The American Electromedics Race Car Tympanometer/ Audiometer With Integral Printer is intended to be used in conducting hearing evaluations and assisting in the diagnosis of possible otologic disorders.

Device Description

The American Electromedics Race Car Tympanometer/Audiometer With Integral Printer is a combination device which can be used as a tympanometer or as an audiometer, and has a built-in printer.

AI/ML Overview

This is a 510(k) premarket notification for a medical device (Tympanometer/Audiometer), which typically focuses on demonstrating substantial equivalence to a predicate device rather than conducting extensive clinical studies with specified acceptance criteria and human evaluation. The provided text does not contain the detailed information required for the requested output regarding acceptance criteria and a study proving device performance in the context of AI or human reader improvement.

Therefore, I cannot fulfill your request as the necessary data is not present in the provided text.

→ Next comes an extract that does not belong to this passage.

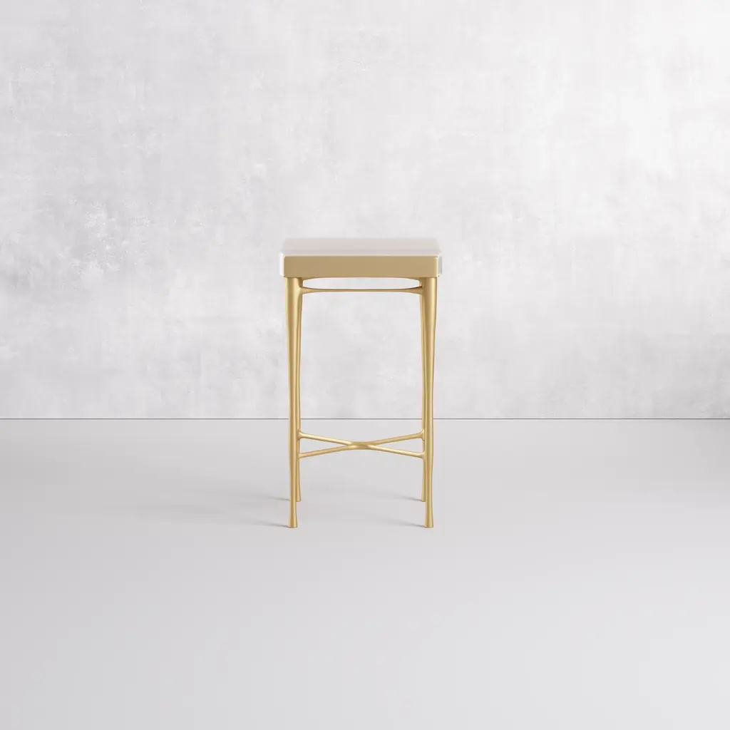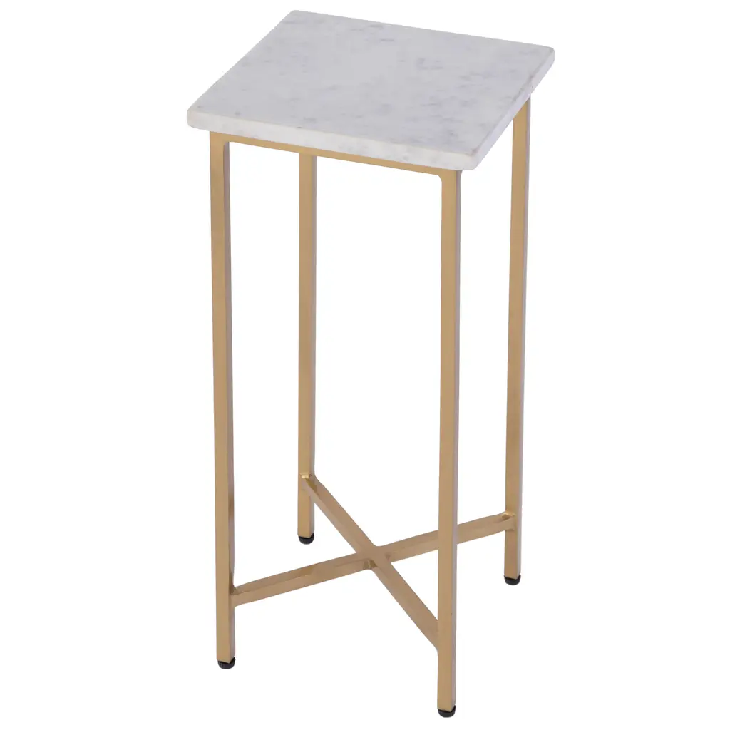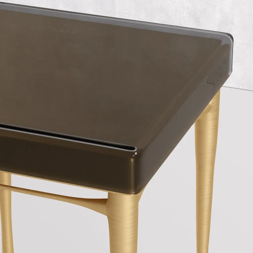 With an icy glass top and bronze legs, our Varenna side table blends traditional materials with a modern structure. The warmth of the bronze finish will create a cozy feel in your interior. Place our Varenna side table in your living room, bedroom, hallway, or entryway. The possibilities for this eye-catching accent piece are endless. Dimensions: 13.25''W x 13.25''D x 23.0''H Tear Sheet

The document describes the device, its intended use, and its classification, and notes that it is substantially equivalent to previously marketed devices (K970279). It does not detail specific performance metrics, clinical trials, or expert-based evaluations in the way an AI-driven diagnostic device might.

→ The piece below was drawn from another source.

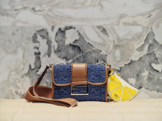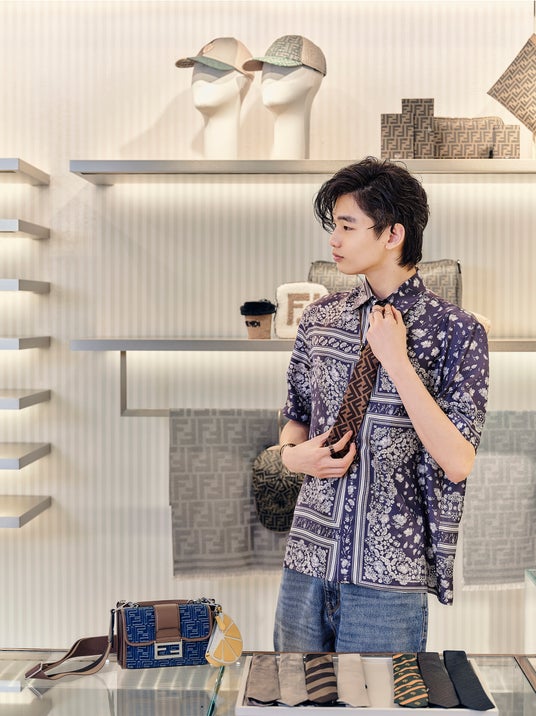 今回、パラッツォ フェンディ 表参道店に訪れた冨永章胤さんは、フェンディ 2025年サマーコレクションより、バンダナ柄がプリントされた夏らしいブルーのシャツを着用。さらに、ブルーデニム風の「FF」ロゴジャカードでアップデートされた「ダブル バゲット(Double Baguette)」バッグにレモン型のチャームをあしらい、遊び心あふれる若々しいスタイルを完成させました。

§ 874.1090 Auditory impedance tester.

(a)
Identification. An auditory impedance tester is a device that is intended to change the air pressure in the external auditory canal and measure and graph the mobility characteristics of the tympanic membrane to evaluate the functional condition of the middle ear. The device is used to determine abnormalities in the mobility of the tympanic membrane due to stiffness, flaccidity, or the presence of fluid in the middle ear cavity. The device is also used to measure the acoustic reflex threshold from contractions of the stapedial muscle, to monitor healing of tympanic membrane grafts or stapedectomies, or to monitor followup treatment for inflammation of the middle ear.(b)
Classification. Class II (special controls). The device, when it is a tympanometer or auditory impedance tester that complies with FDA-recognized consensus standard ANSI S3.39, is exempt from the premarket notification procedures in subpart E of part 807 of this chapter subject to the limitations in § 874.9.